**Task to complete**
Where the line containing "TEMU 여성 피치 약기모" appears below, begin there and reproduce each line exactly through the last one, omitting pictures.

========================

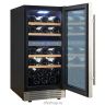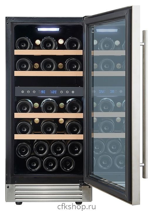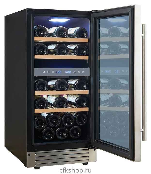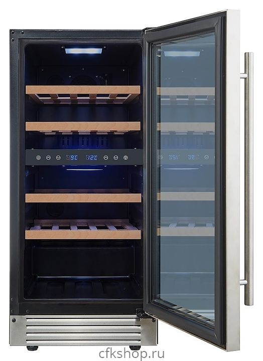 Встраиваемый винный шкаф Cellar Private CP027-2T предназначен для хранения при оптимальных условиях бутилированного вина различных сортов в барах, ресторанах, специализированных магазинах, подсобных складских помещениях, а также в домашних условиях. Модель оснащена холодильной камерой с 2 температурными зонами, 4 съемными полками, распашной перенавешиваемой дверью с длинной вертикальной рукояткой и прозрачным тонированным обзорным стеклом, а также сенсорной панелью управления с 2 цифровыми дисплеями внутри камеры. Корпус выполнен из металла с покрытием черного цвета, дверь и рукоятка серебристого цвета, полки – из массива древесины.
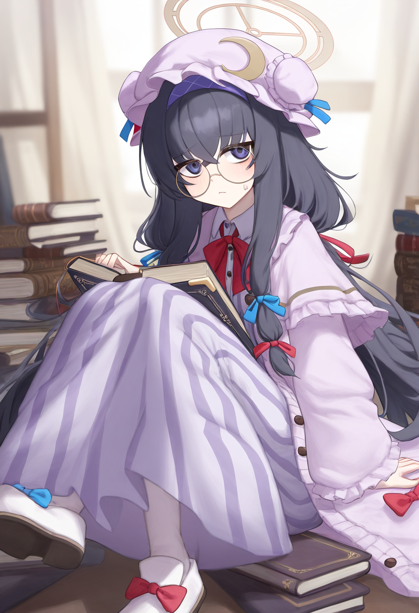 depth of field, 1girl, {ui(blue archive)}, patchouli knowledge (cosplay), {borro s-1288577957
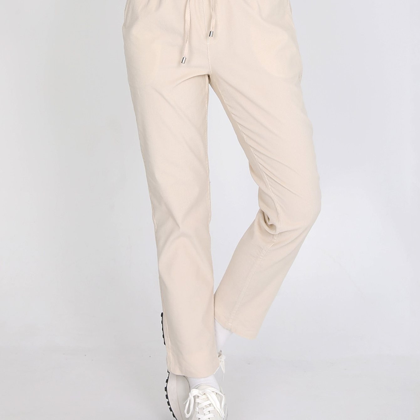 TEMU 여성 피치 약기모 춘추 골덴 밴딩 바지 편안한 활동복/일상복 데일리 만능 팬츠 레이디(AA33LP093W)
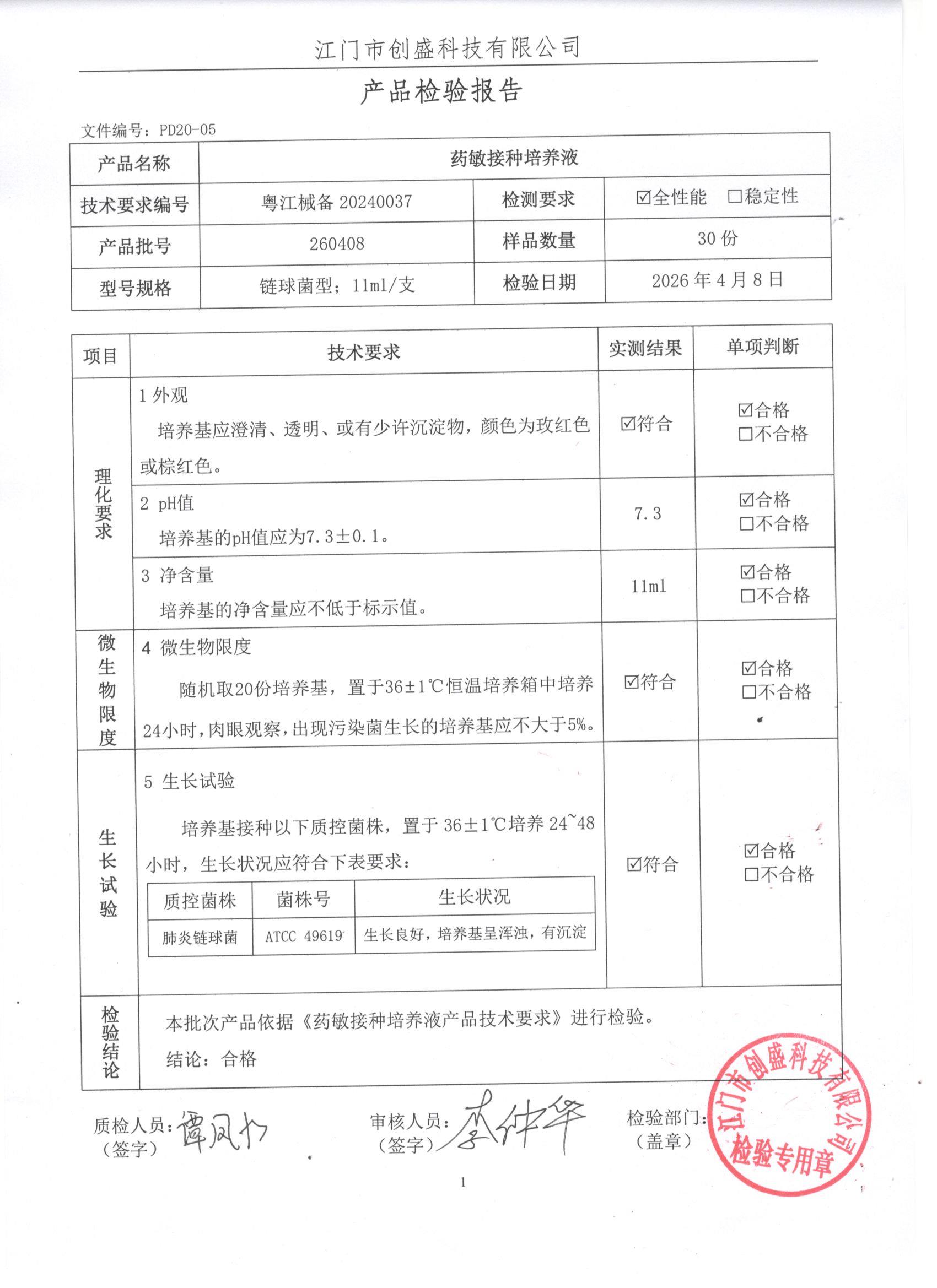 - 药敏接种培养液(链球菌型) 260408 11ml 江门创盛 下载文件
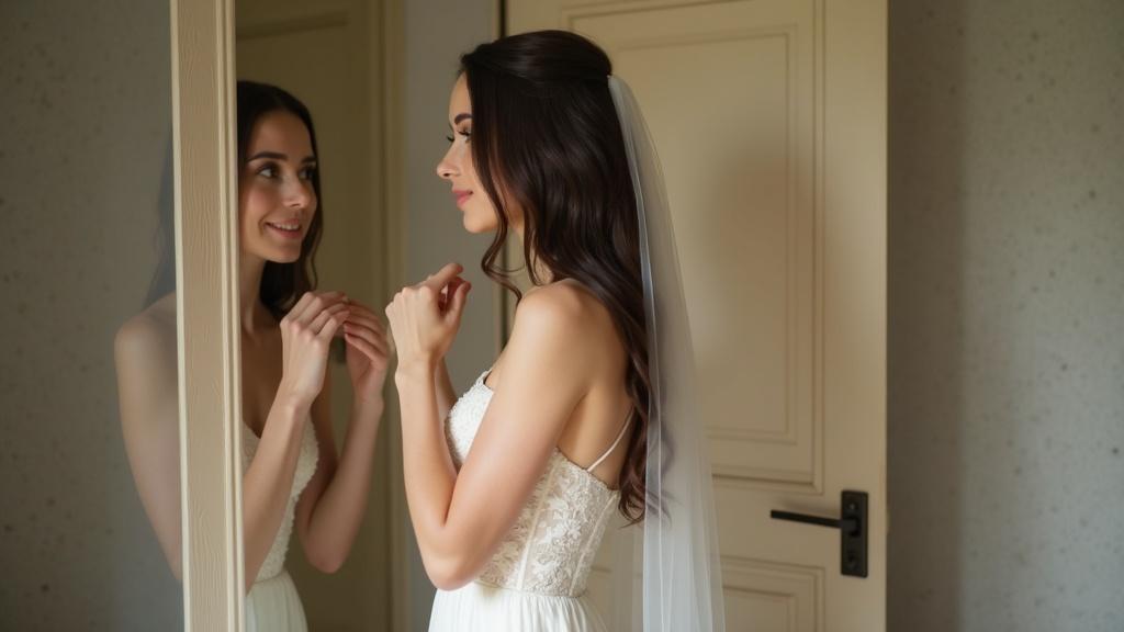 Юля стояла перед зеркалом, поправляя белоснежную фату. Её отражение сияло от счастья, а в глазах плясали озорные искорки. Платье цвета слоновой кости идеально облегало стройную фигуру, подчеркивая все достоинства молодой невесты.
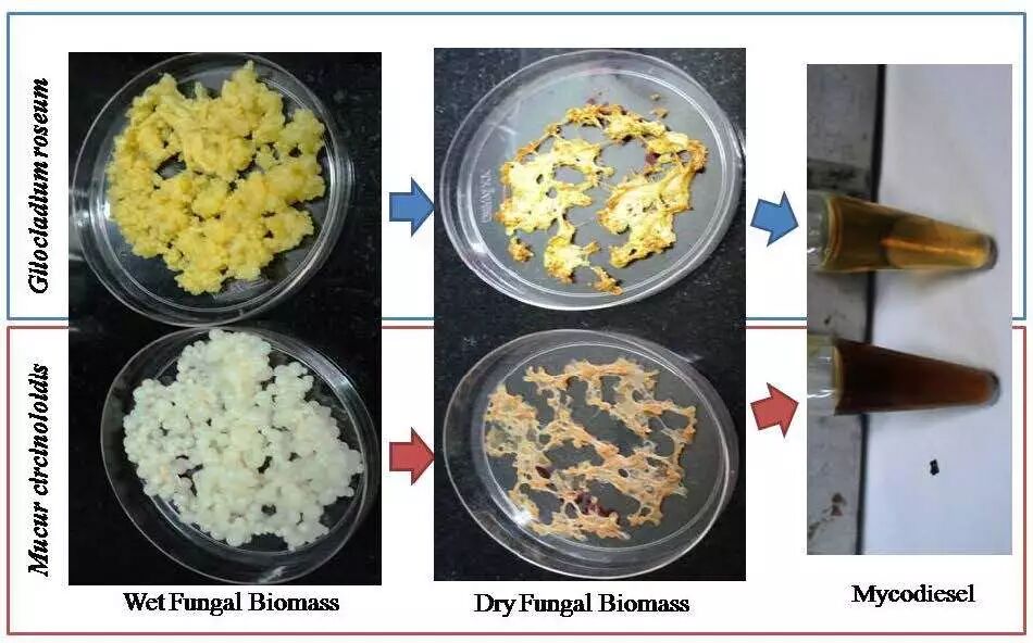 最右图为从真菌菌丝培养物中提取出的油脂,可用作转化为生物柴油的原料。图片:International Journal of Energy and Environment
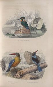 à 4 larges nerfs orné. Texte sur deux colonnes. Rousseurs, papier des planches souvent bruni. Ex- libris (cachet) portant la devise Non Renuo Ardua (famille Renouard de Bussière). T. 1 : Portrait en frontispice, 2 ff., 782 pp., 5 cartes hors texte. T. 2 (Théorie de la Terre - Minéraux) : 2 ff., 782 pp. T. 3 (Mammifères - I) : 2 ff., 726 pp. et 13 pl. hors texte. T. 4 (Mammifères - II) : 2 ff., 784 pp. et 29 pl. hors texte. T. 5 (Oiseaux - I) : 2 ff., 653 pp. et 44 pl. hors texte. T. 6 (Oiseaux - II) : 2 ff., 732 pp. et 30 pl. hors texte. Soit 116 pl. en couleurs.

========================

**Reply to the exercise**
 TEMU 여성 피치 약기모 춘추 골덴 밴딩 바지 편안한 활동복/일상복 데일리 만능 팬츠 레이디(AA33LP093W)
 - 药敏接种培养液(链球菌型) 260408 11ml 江门创盛 下载文件
 Юля стояла перед зеркалом, поправляя белоснежную фату. Её отражение сияло от счастья, а в глазах плясали озорные искорки. Платье цвета слоновой кости идеально облегало стройную фигуру, подчеркивая все достоинства молодой невесты.
 最右图为从真菌菌丝培养物中提取出的油脂,可用作转化为生物柴油的原料。图片:International Journal of Energy and Environment
 à 4 larges nerfs orné. Texte sur deux colonnes. Rousseurs, papier des planches souvent bruni. Ex- libris (cachet) portant la devise Non Renuo Ardua (famille Renouard de Bussière). T. 1 : Portrait en frontispice, 2 ff., 782 pp., 5 cartes hors texte. T. 2 (Théorie de la Terre - Minéraux) : 2 ff., 782 pp. T. 3 (Mammifères - I) : 2 ff., 726 pp. et 13 pl. hors texte. T. 4 (Mammifères - II) : 2 ff., 784 pp. et 29 pl. hors texte. T. 5 (Oiseaux - I) : 2 ff., 653 pp. et 44 pl. hors texte. T. 6 (Oiseaux - II) : 2 ff., 732 pp. et 30 pl. hors texte. Soit 116 pl. en couleurs.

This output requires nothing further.